Kidz Bop
- Product type: Children's music
- Country: United States
- Introduced: October 9, 2001
- Markets: United States; United Kingdom; Germany; France; Mexico;
- Tagline: Sung by Kids for Kids
- Website: kidzbop.com

= Kidz Bop =

American children's music group

Kidz Bop is an American children's music group that produces family-friendly covers of pop songs and related media. Kidz Bop releases compilation albums that feature children covering songs that chart high on the Billboard Hot 100 or receive heavy airplay from contemporary hit radio stations several months prior to each album's release. Their cover versions use substituted language for the original profanity.

== History ==
The concept for Kidz Bop was developed by Cliff Chenfeld and Craig Balsam, who had previously founded the entertainment company Razor & Tie. Chenfeld said Kidz Bop was intended to fill a gap between music for very young children and mainstream pop. The first album was released in 2001 and included updated versions of popular songs like NSYNC's "Bye Bye Bye" and "All the Small Things" by Blink-182.

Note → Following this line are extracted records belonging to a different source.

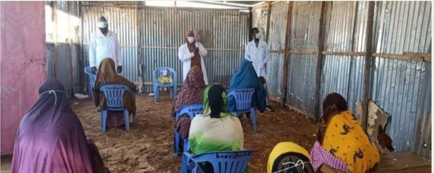
COVID 19 Hygiene promotion in a Health Center

Somalia is grappling with the implications of millions of people being internally displaced. The outbreak of COVID-19 compounds the already fragile situation characterized by overpopulated IDP camps and little access to adequate water for good hygiene practices leaving the population highly vulnerable to disease outbreaks. NAPAD in partnership with Diakonie Katastrophenhilfe supported 2032 households in 18 IDP cluster segments within Kaxda and Garasbaley IDPs in Mogadishu, who are at heightened risk of COVID-19 transmission to improve their hygiene practices through improved access to water and aggressive hygiene promotion outreaches... Read More
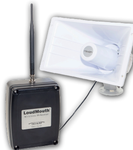
Loudmouth Wireless PA Stand-alone Mass Notification System. Make PA Announcements using your 2-way radio
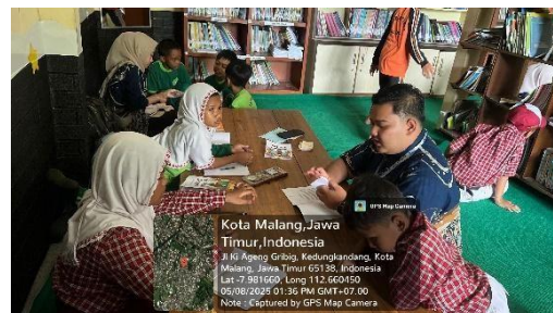
Figure 3.4 Providing solutions to students

To address students' difficulties in reading and writing, various integrated efforts are needed, such
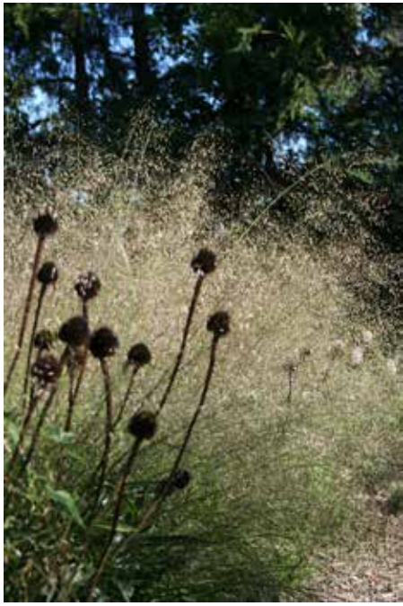
Grasses are the mainstay of the prairie garden, whether at home in the garden or in natural areas (below, Fort Robinson State Park).

“The valley of the north fork is without timber; but the grasses are fine, and the herbaceous plants abundant... the whole country resembled a vast garden.”
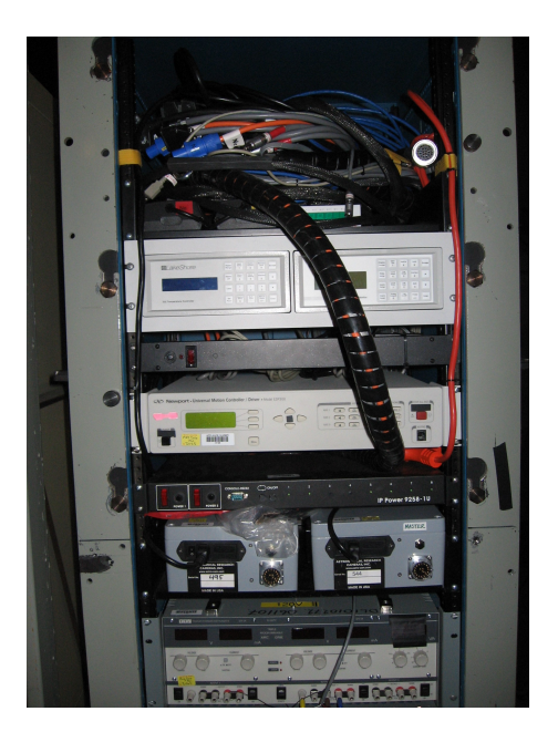
Figure 1: SWIFT electronics rack with umbilical cable coiled on top of upper shelf. From top to bottom, the electronics are 1) (under cables; see figure 2) Arc lamp power supplies, terminal server, pressure monitor, 2) Lakeshore 218 and 325, 3) Power strip 4) Motor controller 5) Network power supply 6) SDSU power supplies 7) general power supply

rack and identify most of the components. The instrument is connected to the rack with an large "umbilical" cable which carries the majority of the cables. The umbilical also carries a number of cables which connect the back end of the instrument (i.e. cryostats) to the main patch panel at the front end (preoptics) of the instrument. The power cables for the SDSUs are separate to the umbilical, as are the CCD optical fibers and imaging camera network cables, which don't go to the rack.
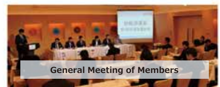
General Meeting of Members

*Titles and positions are as of the date of the events
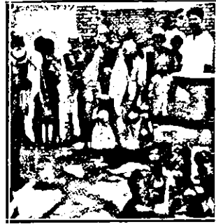
Karvetinagar Milk Centre.
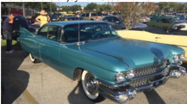
So long, so lovely!
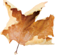
Grass, Weeds, Green Plants, Tree Limbs, Wood Chips, Dead Plants, Brush, Garden Trimmings, Leaves, Cut Flowers
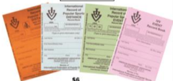
Bike Distance Book brown
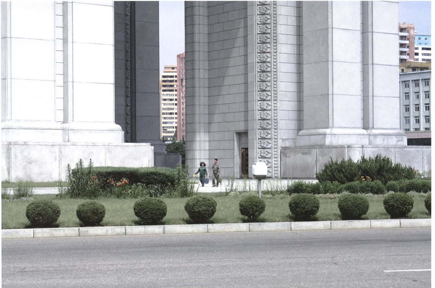
fig. f Arc of Triumph, 2016
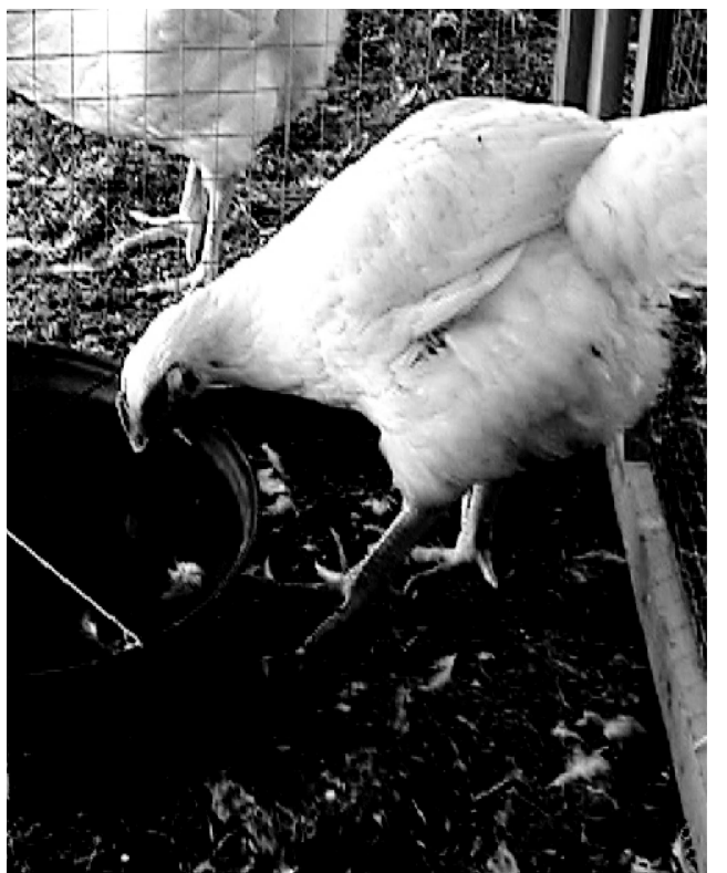
Chicken drinking from bowl.
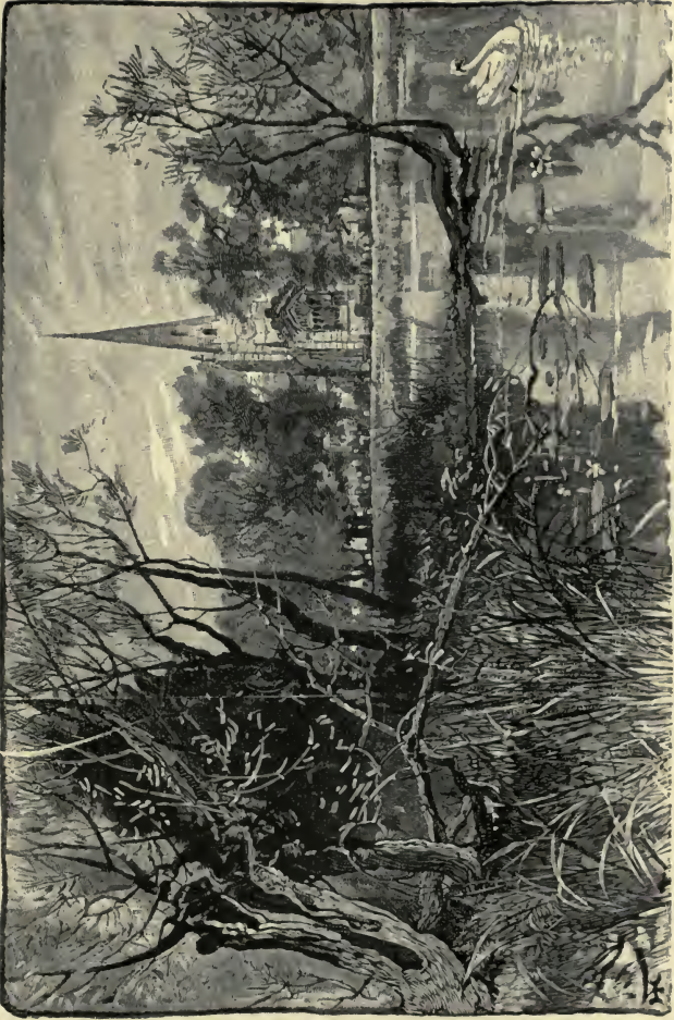
"THE RIVER AVON." Page 391.
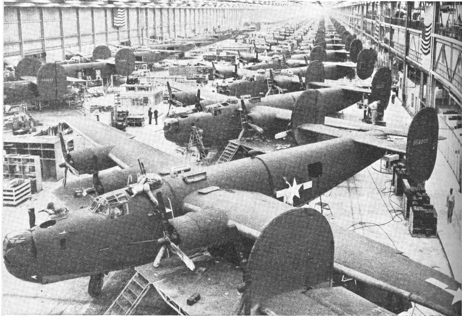
Turret on Liberators

Razor & Tie partnered with Concord in 2015 and was acquired outright by the company in 2018 who would later merge with BMG Rights Management. Chenfield and Balsam remained as co-CEOs through the transition before leaving the company.

In 2025, Kidz Bop released its 50th studio album.

==Chart performance==
Kidz Bop has placed numerous releases on the Billboard 200 and the Billboard Kid Albums chart. In 2014, Kidz Bop 26 became the franchise's 40th album to chart on the Billboard 200.
In November 2015, Billboard ranked Kidz Bop fourth among artists with the most top-ten albums in the history of the Billboard 200. At the time, the franchise had earned 22 top-ten albums. The group was later ranked number 75 on Billboards decade-end list of the top artists of the 2010s.
Kidz Bop 29 reached number three on the Billboard 200 in 2015. That year, the franchise recorded 1.15 million album-equivalent units, representing 23 percent of the children's music album category.
In 2020, Spotify named Kidz Bop the most-streamed artist in the United States on its Spotify Kids app.

==Notable Kidz Bop alumni==
- Fin Argus
- Becky G
- Kiana Brown
- Olivia Holt
- Elijah Johnson
- Grant Knoche
- Spencer Locke – Kidz Bop: Everyone's a Star (DVD)
- Ross Lynch
- Noah Munck
- Zendaya

==International expansion==
===United Kingdom===
In February 2017, Kidz Bop announced it was launching outside the U.S. for the first time, expanding into the UK. There was a new lineup of British Kidz Bop Kids. Kidz Bop partnered with Universal Music Group, ITV, Crown Talent and Media Group and Creative Artists Agency for the UK launch, with ITV featuring the group in an episode of its star search programme The Big Audition.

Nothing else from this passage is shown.